SentencePiece
SentencePiece is an unsupervised text tokenizer and detokenizer, primarily designed for Neural Network-based text generation systems where the vocabulary size is predetermined. It implements subword units like Byte-Pair Encoding (BPE) and Unigram Language Model, capable of training directly from raw sentences without pre-tokenization. The library is actively maintained with regular updates. The current version is 0.2.1.
Warnings
- breaking Starting from version 0.2.0, `sentencepiece` requires Python 3.9 or newer. Users on older Python versions (e.g., 3.8 or below) will encounter installation failures.
- gotcha If a pre-built wheel is not available for your specific Python version, operating system, or CPU architecture, `pip install sentencepiece` will attempt to build from source. This process requires a C++ compiler, CMake, and Python development headers to be installed on your system.
- gotcha Version 0.2.0 of `sentencepiece` had known compatibility issues with other libraries, specifically `transformers` and `tensorflow`, due to a flag redefinition that could lead to Python kernel crashes.

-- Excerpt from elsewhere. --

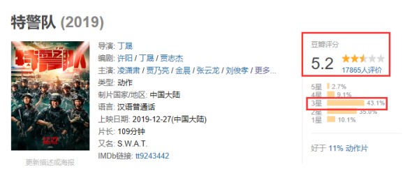 在2019年,他上映了一部电影,叫做《特警队》,电影的口碑真心不敢恭维,在豆瓣上的评分仅仅只有5.2分,3星评价占到了最大比重,达到了43.1%,也就意味着1.7万人里面,有将近七千人给了这部电影中肯的评价。

- gotcha Version 0.2.1 introduces experimental free-threading support. While `const` and `static` methods like `encode()` and `decode()` are designed to work without the GIL, non-const methods such as `load()` may have potential data race issues.
- gotcha When training a SentencePiece model, the `spm.SentencePieceTrainer.train()` method is optimized for file-based input, expecting a raw text file (typically one sentence per line). While it can accept an iterable, for large datasets, providing a file path (or a file-like object in environments with limited local filesystem access) is the standard and most efficient approach.
Install
-
pip install sentencepiece
Imports
- SentencePieceProcessor
import sentencepiece as spm sp = spm.SentencePieceProcessor()
- SentencePieceTrainer
import sentencepiece as spm spm.SentencePieceTrainer.train(...)
Quickstart
import sentencepiece as spm
import os
# Create a dummy text file for training
corpus_content = "This is a test sentence. SentencePiece is awesome.\nAnother example sentence for training."
corpus_file = "corpus.txt"
with open(corpus_file, "w", encoding="utf-8") as f:
f.write(corpus_content)
model_prefix = "m_model"
vocab_size = 8000
# Train a SentencePiece model
spm.SentencePieceTrainer.train(
input=corpus_file,
model_prefix=model_prefix,
vocab_size=vocab_size
)
# Load the trained model
sp = spm.SentencePieceProcessor()
sp.load(f"{model_prefix}.model")
# Encode text
text_to_encode = "SentencePiece tokenization is powerful."
encoded_pieces = sp.encode_as_pieces(text_to_encode)
encoded_ids = sp.encode_as_ids(text_to_encode)
print(f"Original text: {text_to_encode}")
print(f"Encoded pieces: {encoded_pieces}")
print(f"Encoded IDs: {encoded_ids}")
# Decode IDs back to text
decoded_text = sp.decode_ids(encoded_ids)
print(f"Decoded text: {decoded_text}")
# Clean up generated model files
os.remove(f"{model_prefix}.model")
os.remove(f"{model_prefix}.vocab")
os.remove(corpus_file)